__WHAT NEEDS TO BE DONE__:
Output the run of lines that opens with the first line of the material below and closes with the line containing "Kelebek Model Zirkon", both included, and drop the pictures.

__DATA SHOWN__:

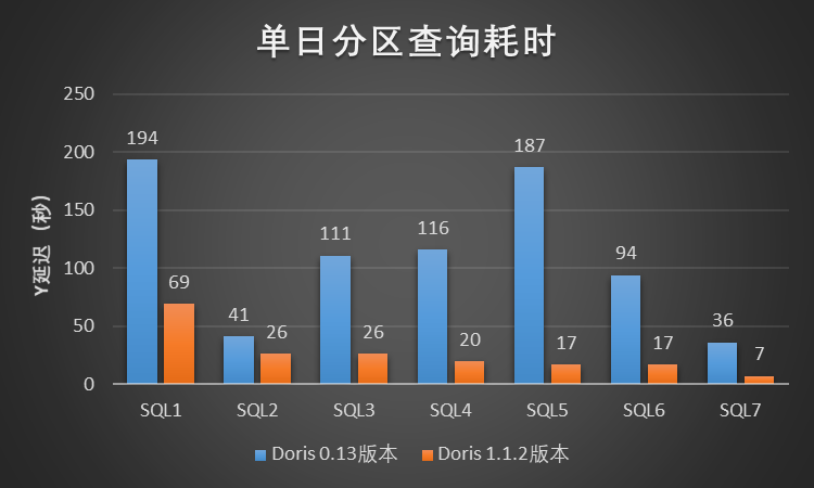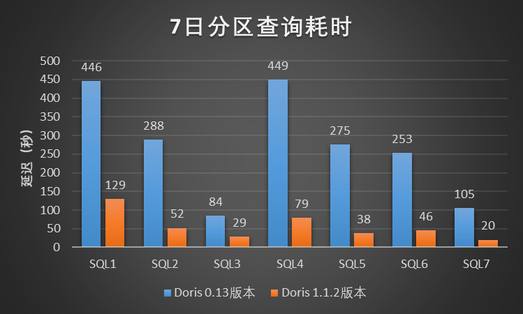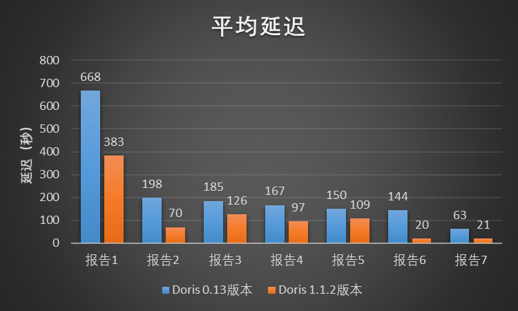 我们选择了 A/B实验场景下的 7 份 A/B 实验报告对两个版本进行测试,每份 A/B 实验报告对应小米 A/B实验平台页面的两个模块,每个模块对应数百或数千条查询 SQL。每一份实验报告都以相同的并发向两个版本所在的集群提交查询任务。测试结果如图所示,Doris 1.1.2 版本相比 Doris 0.13 版本,总体的平均延迟降低了大约 52%。在该测试中,Doris 1.1.2 版本相比 Doris 0.13 版本的查询性能提升了超过 1 倍。
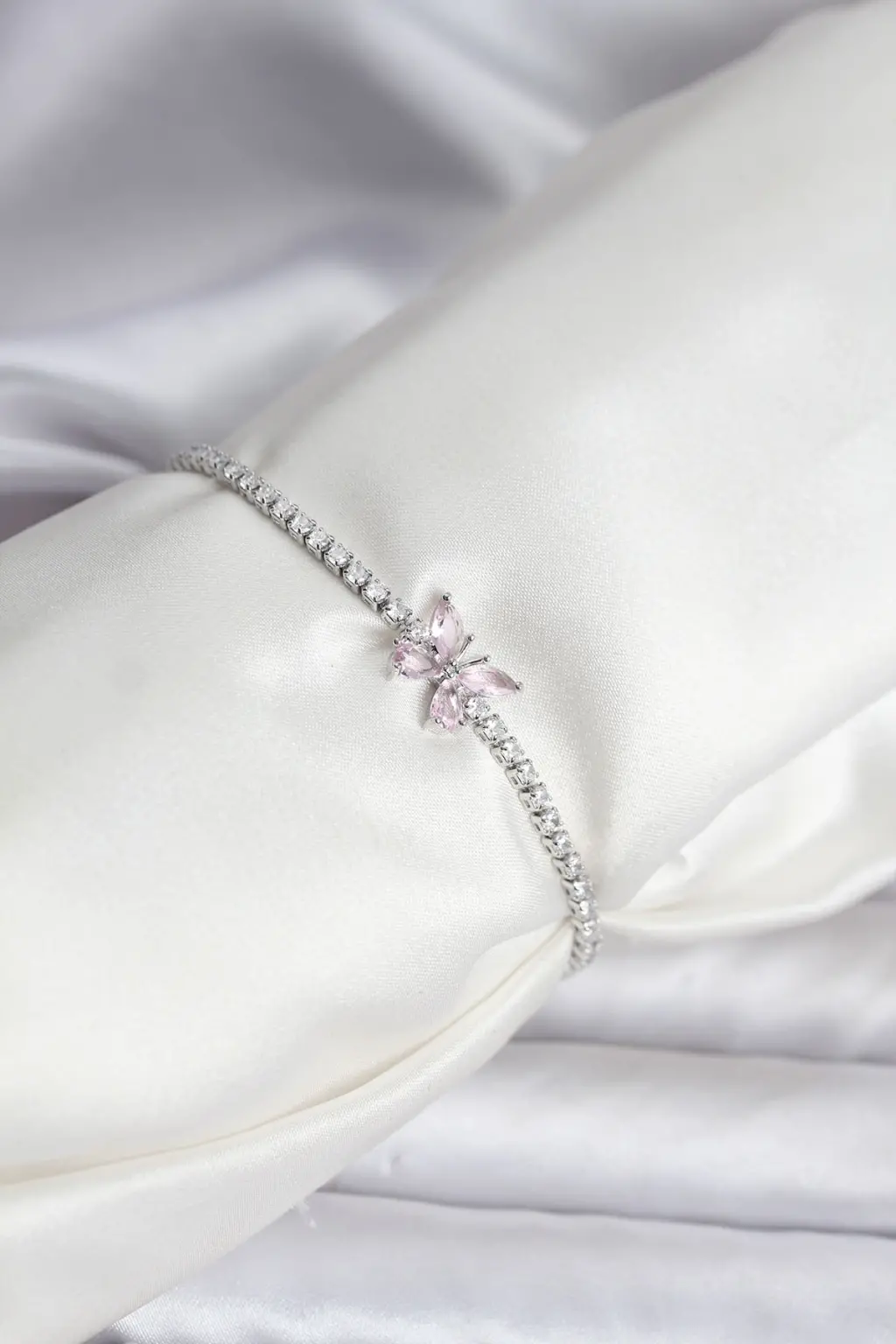 Kelebek Model Zirkon Taşlı Gümüş Renk Pirinç Su Yolu Kadın Bileklik Eşşiz tasarımıyla sizlerle. En uygun fiyat garantili kararmaz modelimiz karşınızda.
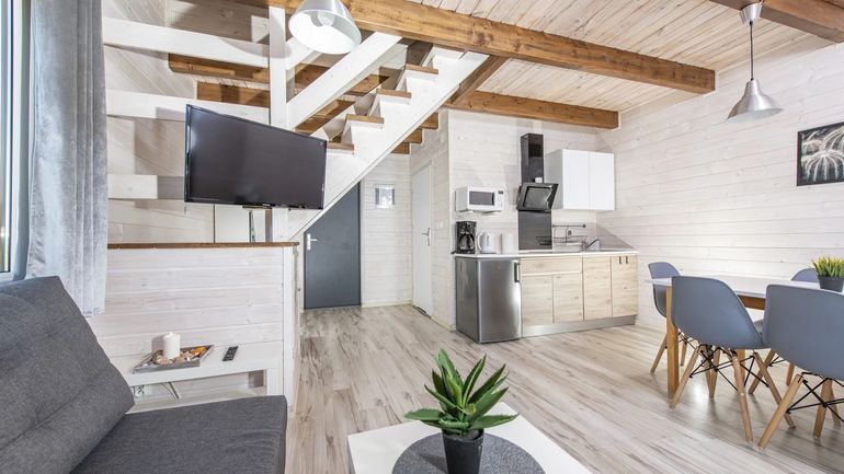Każda opcja zakwaterowania ma taras i wyposażona jest w telewizor z płaskim ekranem. We wszystkich opcjach znajduje się aneks kuchenny z pełnym wyposażeniem, w tym lodówką, jak również część wypoczynkowa z rozkładaną sofą oraz prywatna łazienka z prysznicem i suszarką do włosów. Wyposażenie obejmuje również zmywarkę, mikrofalówkę, płytę kuchenną, ekspres do kawy i czajnik.
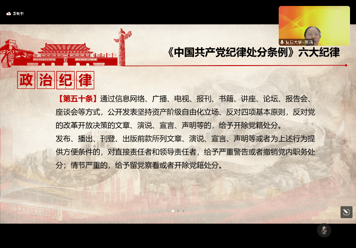2023级研究生党支部书记温湘祥就提升党建工作水平、加强党员教育管理等方面进行了经验分享。随后,支部纪检委员苏涵带领大家围绕《中国共产党纪律处分条例》进行了学习,强调党员必须严格遵守党规党纪。

__SOLUTION FOR THIS EXERCISE__:
 我们选择了 A/B实验场景下的 7 份 A/B 实验报告对两个版本进行测试,每份 A/B 实验报告对应小米 A/B实验平台页面的两个模块,每个模块对应数百或数千条查询 SQL。每一份实验报告都以相同的并发向两个版本所在的集群提交查询任务。测试结果如图所示,Doris 1.1.2 版本相比 Doris 0.13 版本,总体的平均延迟降低了大约 52%。在该测试中,Doris 1.1.2 版本相比 Doris 0.13 版本的查询性能提升了超过 1 倍。
 Kelebek Model Zirkon Taşlı Gümüş Renk Pirinç Su Yolu Kadın Bileklik Eşşiz tasarımıyla sizlerle. En uygun fiyat garantili kararmaz modelimiz karşınızda.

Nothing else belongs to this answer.